▶ **Description of the task**: Although the records include pictures, the copy should not; write out exactly the lines from the first through the line with "TP Basic Marine".

▶ **Items from a data source**:
━━━━━━━━━━━━━━━━

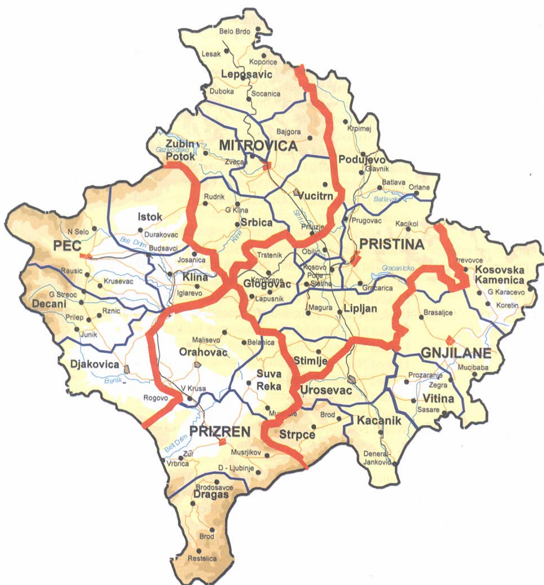
Figure 4. Map of Kosova including districts and municipalities. Place names in Serbian.

In the course of the twelve days of our stay in Kosovo we were able to visit all regions all 5 districts of Kosovo, all major cities and 13 of 29 municipalities, including Leposavic in the major Serb enclave north of Mitrovice. We visited more than 20 libraries and other cultural institutions and had official meetings with UNMIK and 4 other important international organisations. We made professional interviews and had talks with more than 45 persons - and met hundreds of Kosovar library and cultural workers. The information provided in this part of our report is based on our own experiences and supplemented by other sources referred to in the text.
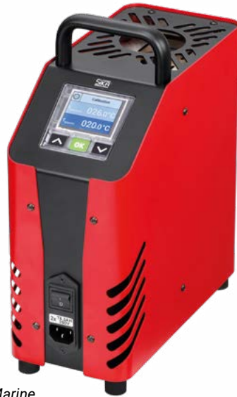
TP Basic Marine

TP Basic // Dry block // RT...650 °C // RT...1202 °F
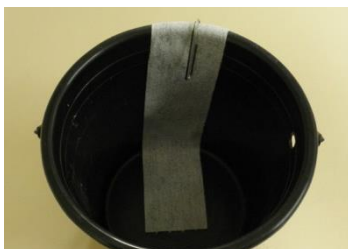
C. Egg collection strip fixed to side of container

3. Hang the 'egg collection strip' (supplied) inside the container, so that it touches the bottom. Fix it in place (see C, below) using a paper clip (supplied). Trim off any excess strip outside of the container (see D, below).
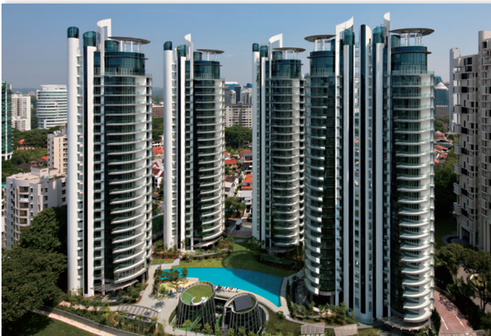
📍 Clivden at Grange

Client: NTT Communications Corporation Location: Singapore
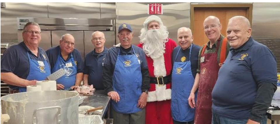
The crew takes advantage of this opportunity to whisper their own desires to Santa.
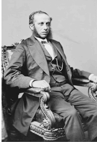
Robert DeLarge U.S. Representative South Carolina 1871-1873
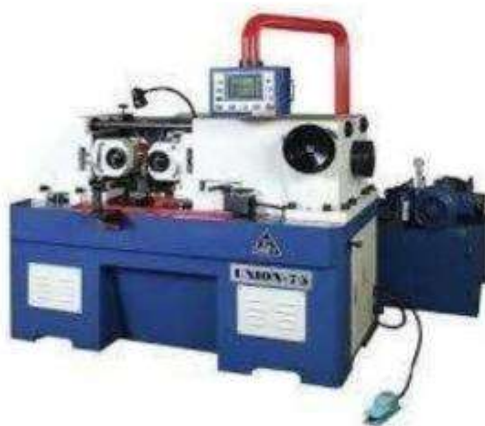
THREAD ROLLING MACHINE
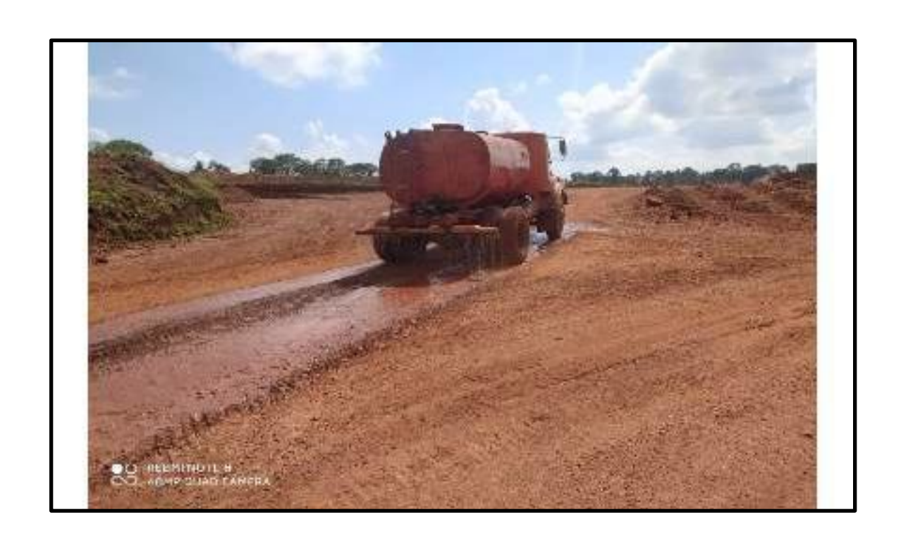
(Pic: Water sprinkling on mines haul road)
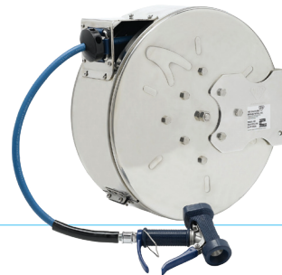
B-7142-C05 HOSE REEL
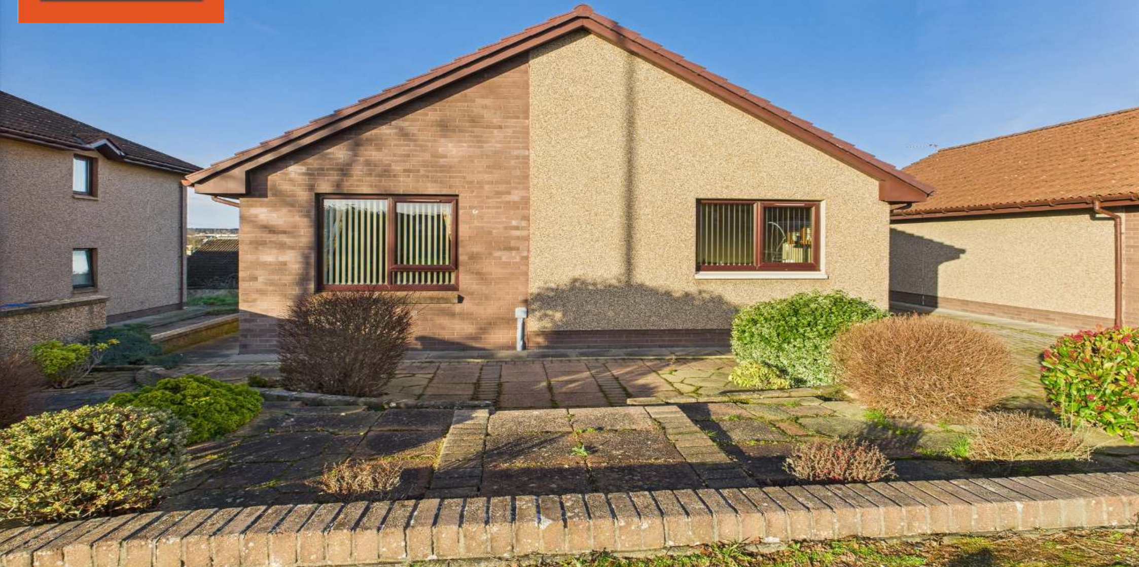
School Brae, New Elgin, Elgin, Moray
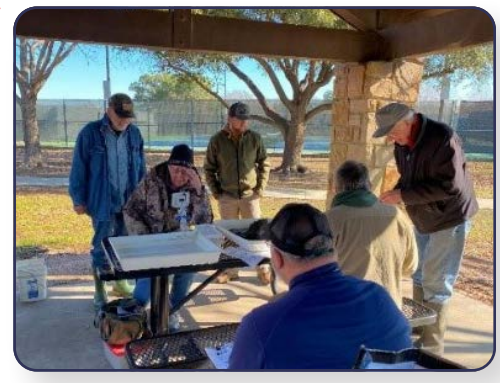
The bugs team

It seemed at first that our collection was small, but as the water in the pans warmed up, we found more and more specimens. At the end of the day, we were just about where we usually are in terms of numbers. Furneaux Creek was as clear as I have ever seen it. That, and the diversity of aquatic insects we found, attest to the stream's health
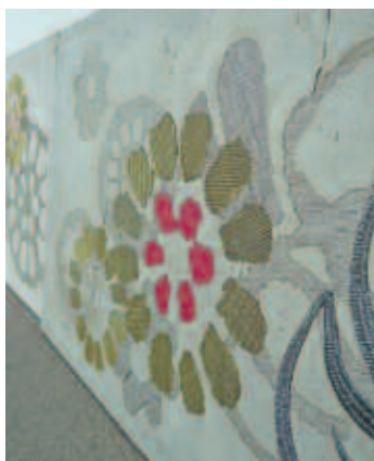
Above / Detail of stitch in the Playhouse panel
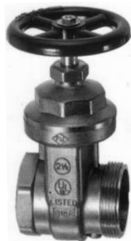
Figure No. 5135

━━━━━━━━━━━━━━━━

▶ **Answer to this problem**:
Figure 4. Map of Kosova including districts and municipalities. Place names in Serbian.

In the course of the twelve days of our stay in Kosovo we were able to visit all regions all 5 districts of Kosovo, all major cities and 13 of 29 municipalities, including Leposavic in the major Serb enclave north of Mitrovice. We visited more than 20 libraries and other cultural institutions and had official meetings with UNMIK and 4 other important international organisations. We made professional interviews and had talks with more than 45 persons - and met hundreds of Kosovar library and cultural workers. The information provided in this part of our report is based on our own experiences and supplemented by other sources referred to in the text.
TP Basic Marine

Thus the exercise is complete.